- _What needs to be done_
Count every line in the entries that follow where the word "Maminka" appears, then state only the total.
********************
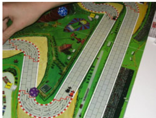
8 – Meneurs du 3 e tour: ils sont tous dans le même coup!
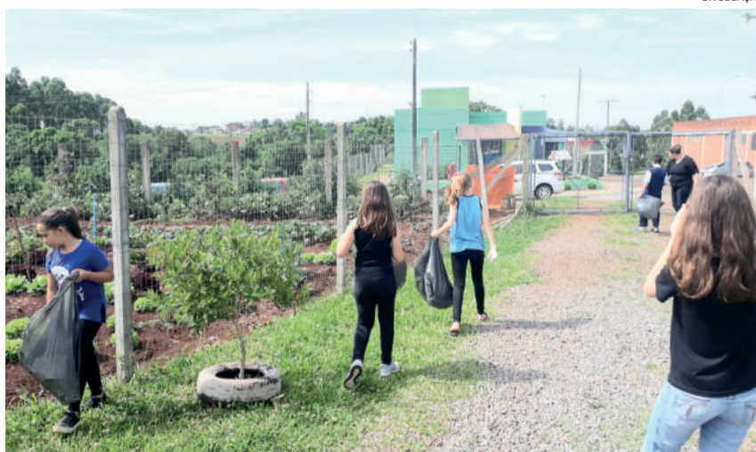
Alunos foram convidados a participarem da Ação Consciência Limpa
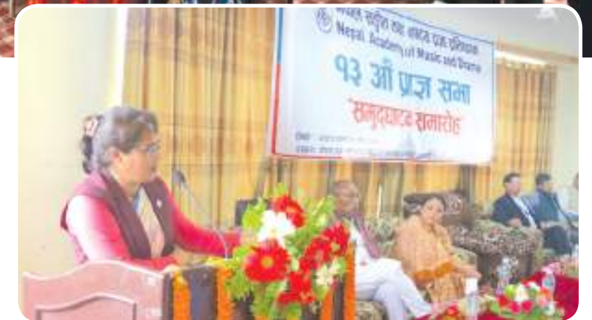
१३ औँ प्राज्ञ सभा
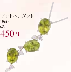
■ K18WGペリドットペンダント (P 4.48ct, D 0.19ct) ◎ 495,000円の品 175,450円
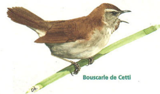
Bouscarle de Cetti

Ce site est aménagé par le Conseil général avec le produit de la Taxe Départementale des Espaces Naturels Sensibles, ainsi qu'avec l'aide financière de l'Union européenne et de l'Agence de l'eau Seine-Normandie. Sa gestion est assurée par le Conservatoire départemental des Espaces Naturels Sensibles en partenariat avec la commune dans le cadre d'une convention.
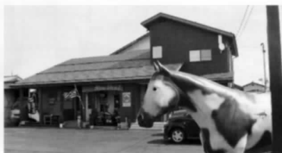
馬のお出迎え(店外写真)

①新発田市住吉町2-3-19 ②23-7208 ③10:30~19:00 ④水曜日 ⑤10台 http://www.new-deal1999.com/
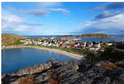
Pykeija –suomalaiskylä Norjassa

Aamiaisen jälkeen matkamme jatkuu Norjan puolelle. Ajamme Sevettijärven, Kolttakönkään ja Neidenin kautta Jäämeren rannalle, pieneen ja kauniiseen suomalaiskylään Pykeijaan. Lounastamme ja ihailemme maisemia ja lähdemme Nuorgamiin ja edelleen Utsjoen kylään ja Kirkkotuville. Palaamme takaisin Inariin Kaamasen kautta. Päivällinen ja yöpyminen hotellissa.
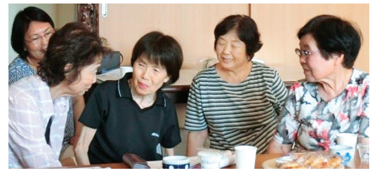
楽しい会話があちこちから聞こえてきます

日時 10月1日(日)午後1時～4時 場所 ソレイユさがみ セミナールーム 申込 直接会場へ。入退場自由 問合せ 相模原市社会福祉事業団 電話 ☎042-758-2121
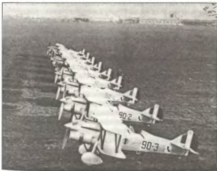
Истребители CR.32 из 90° Squadr. 10° Gr. 4° Stormo C.T., аэродром Горичия
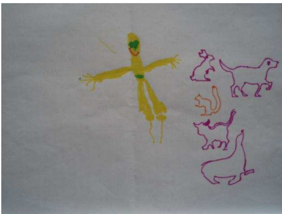
Obr. 18 Maminka

Obr.17 Maminka (1.9.2008). Tonička kreslí postavu maminky. Na papíře jsou také ornamenty, kreslené podle šablon a pravítek. Na obrázku kreslí poprvé řasy. Stěžuje si, že nemá tělovou barvu, že by ji potřebovala.
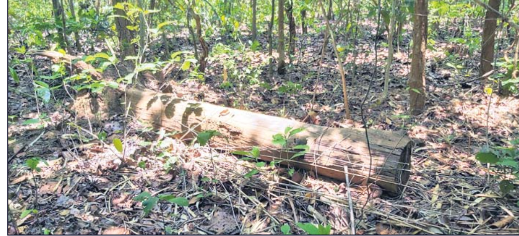
ଗାଲେରୀ ସଂରକ୍ଷିତ ଜଙ୍ଗଲ ଭାଗ ନଂ ୭ରେ ବାଟ୍ୟାରେ ଭାଙ୍ଗି ପଡ଼ିଥିବା ଗଛ ।

ଜନସଂଖ୍ୟା, କଳକାରଖାନା ବୃଦ୍ଧି ଓ ଜଙ୍ଗଲ କ୍ଷୟ ଆଦି କାରଣରୁ ପରିବେଶ ପ୍ରଦୂଷଣ ବୃଦ୍ଧି ପରିବେଶ ସୁରକ୍ଷା ପାଇଁ ଜନସଚେତନତା ସୃଷ୍ଟି କରିବା ଲକ୍ଷ୍ୟ ନେଇ ପ୍ରତିବର୍ଷ ଜୁନ ୫ ତାରିଖକୁ ବିଶ୍ୱ ପରିବେଶ ଦିବସ ଭାବେ ପାଳନ କରାଯାଇଛି । ଜଙ୍ଗଲ ବୃଦ୍ଧି କରିବା, ନଦୀ କଳକୁ ସଫା ରଖିବା, ସ୍ୱଚ୍ଛ ପରିବେଶ ସୃଷ୍ଟି କରିବା ଏହି ଦିବସ ପାଳନର ମୂଳ ଲକ୍ଷ୍ୟ । ଚଳିତବର୍ଷ କୋଭିଡ଼ କଟକଣା ଯୋଗୁ ବିଶ୍ୱ ପରିବେଶ ଦିବସ ପାଳନ ଫିକା ପଡ଼ିଯିବ । ଦୁମୁସର ଉତ୍ତର ବନଖଣ୍ଡରେ କୌଣସି ବଡ଼ କାର୍ଯ୍ୟକ୍ରମ ହେବନାହିଁ । ପ୍ରତ୍ୟେକ ରୋଜି ପକ୍ଷରୁ ଗୋଟିଏ ସ୍ଥାନରେ ୧୦ ଜଣଙ୍କୁ ନେଇ ଚାରାଚୋରୀକରଣ କରାଯାଇପାରେ । ଦୁମୁସର ଉତ୍ତର ବନଖଣ୍ଡରେ ବିଭିନ୍ନ ଜଙ୍ଗଲରେ କାଠ ଚୋରିବଡ଼ିଛି । ଫାଇଲିଙ୍ଗ, ଡିଙ୍ଗି, ଫିନିଶିଙ୍ଗି ଆଦି ଆନେକ ବଡ଼ ବଡ଼ ଗଛକୁ ଏ ଯାଏ ଡିପୋକୁ ଅଣାଯାଇ ପାରିନାହିଁ । ଏହାର ସୁଯୋଗ ନେଇ ସୁବର୍ତ୍ତମାନେ ମୂଲ୍ୟବାନ କାଠ ଚୋରାଇ ନେଉଛନ୍ତି । କେତକ ସ୍ଥାନରେ
********************
- _Task output_
2